- _Data_:
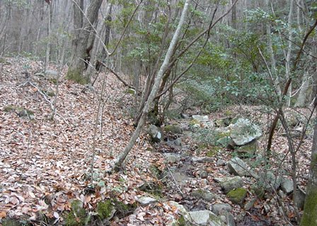 ここから北上する。踏み跡は判るが、人通りが少ないのだろう枝がはびこって、鹿が通る程度の
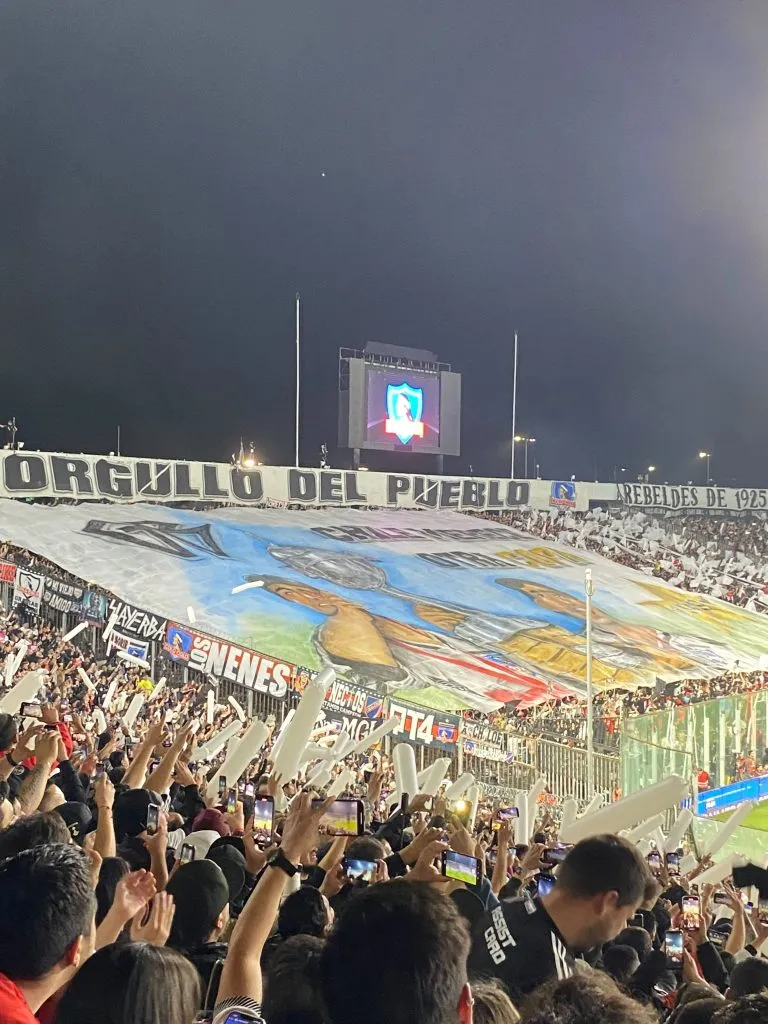 Pero otro punto que fue destacado y aplaudido fueron dos banderas gigantes que se desplegaron. Primero una en el sector Cordillera, que emulaba la camiseta de la Copa Libertadores 1991.
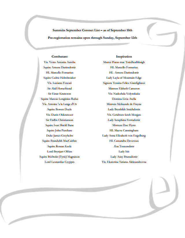 Combatants & Inspirations for Summits Coronet

- _Exercise directions_: Output the full material exactly as given, without its pictures.

- _Solution to the problem_:
 ここから北上する。踏み跡は判るが、人通りが少ないのだろう枝がはびこって、鹿が通る程度の
 Pero otro punto que fue destacado y aplaudido fueron dos banderas gigantes que se desplegaron. Primero una en el sector Cordillera, que emulaba la camiseta de la Copa Libertadores 1991.
 Combatants & Inspirations for Summits Coronet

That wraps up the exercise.